Some of the era-defining punk clothing that he made in the mid70s with his partner then, Vivienne Westwood, is at the centre of a large-scale fakes fraud. Damien Hirst spent more than £80,000 on clothes that McLaren has identified as counterfeit, and the punk impresario believes that a major auction house and the New York Museum of Modern Art may also have been duped.
He tells People that the Metropolitan Police are investigating and he is helping them by identifying fakes. “I haven’t been in touch with Vivienne, but I think, to be frank, that the gravity of the situation is such that she will help, too,” he said.
McLaren says that Hirst came to him after some young fashion students who had been making copies of Sex and Seditionaries clothes told him he might have been sold copies instead of the real thing. The artist says he is bound by a court order not to talk about the situation. McLaren says: “A number of people have come forward to confess that they made them.”
Very few of the real clothes were made as they were stitched by him and Westwood on his kitchen table, and even fewer were sold. Most of these, he says, fell apart after a few wearings. “[Hirst had] bags and bags, big black bags, of them. Clearly they weren’t the fabrics we used 35 years ago and the stitching was different.”

Delegates filling out their application forms for this year’s Labour conference are given generous options for a name prefix. Alongside the usual Mr, Mrs, Dr and Rev sit Baron and Viscount. But as an optimistic example of brotherly solidarity there is one further prefix . . . HRH. Are they perhaps expecting the Duke of Edinburgh?

How did the BBC find out about Monday’s Weston-super-Mare pier blaze? “We watched the fire raging – live – on a . . . er . . . rival news channel,” admits Simon Waldman, morning editor on BBC News. “It was an uncomfortable hour, to be frank.” Fortunately, viewers sent in dozens of stills and video sequences to fill the breach. “To everyone who contributed, a big thank you!” blogs Waldman.

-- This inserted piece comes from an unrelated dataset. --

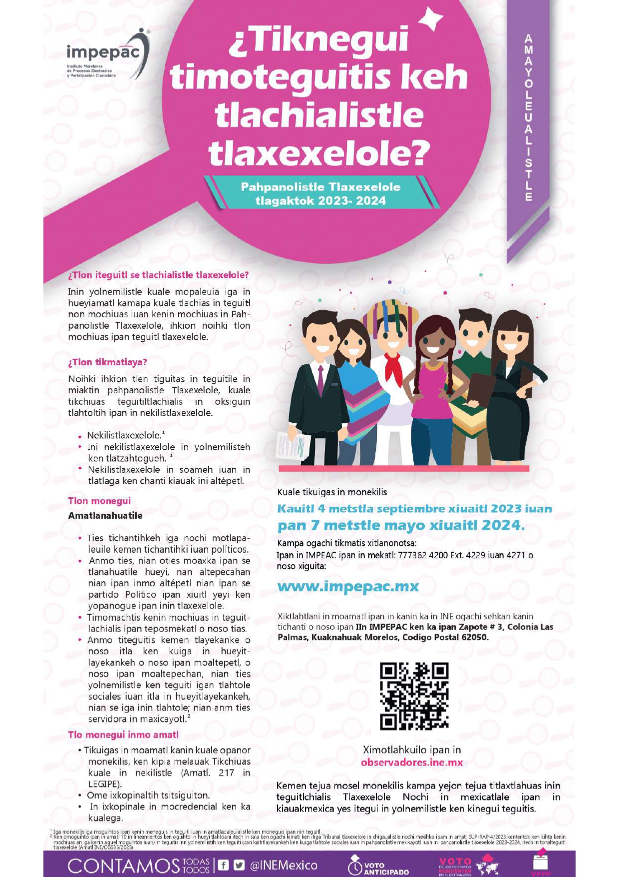 Convocatoria para participar como observadora u observador electoral en el proceso electoral local 2023-2024, versión en náhuatl por soportesistemascem | Dic 1, 2023 | AVISOS IMPEPAC Descargar > > Convocatoria para participar como observadora u observador electoral en el proceso electoral local 2023-2024, versión en náhuatl.pdf

“There aren’t enough airports for all the men who would want to flee the country,” joked Harriet Harman when teased about her leadership aspirations. But what about her own family? Sarah Harman, Harriet’s solicitor sister, was spotted heading the early morning queue at the passport office in Victoria yesterday, urgently renewing her travel documentation. Bon voyage.

The Face Mike Myers
Mike Myers’ Love Guru, the titular character of his new film, out tomorrow, needs to spread a little of that love over the film critics.
The man who could once do no wrong – he managed the holy grail of a sequel funnier than the original with the second Wayne’s World and a hilarious trilogy in the Austin Powers movies – has, er, done wrong. One critic has described the film, a take on society’s reliance on spiritual guides, as “an overgrown dirt-patch of clunking juvenilia”, which surely was always what we liked about Mike Myers’ films. He has even managed to offend Hindu leaders, who find his depiction of the religion morally offensive and have called for a boycott of the film, which is all it needs after taking only $31 million in its first five weeks.

Postscript
Tough love for Doctor Who fans under the new series supremo, Stephen Moffat. At the Comic-Con convention in California, the writer of some of the more frightening episodes in recent series told fans: “If people are worried that because I’m taking over Doctor Who it’s going to be just really, really frightening, if that’s your concern then . . . tough.”
Unexpected perks for Lewis Hamilton, Britain’s grand prix wunderkind. He tells Hello: “I remember last year when I first met Beyoncé and she invited me to her concert. Things like that wouldn’t happen if I wasn’t a racing driver.” He adds: “Then I was in my car and my mobile went off – it was P Diddy and he invited me out for dinner.” Presumably not his racing car.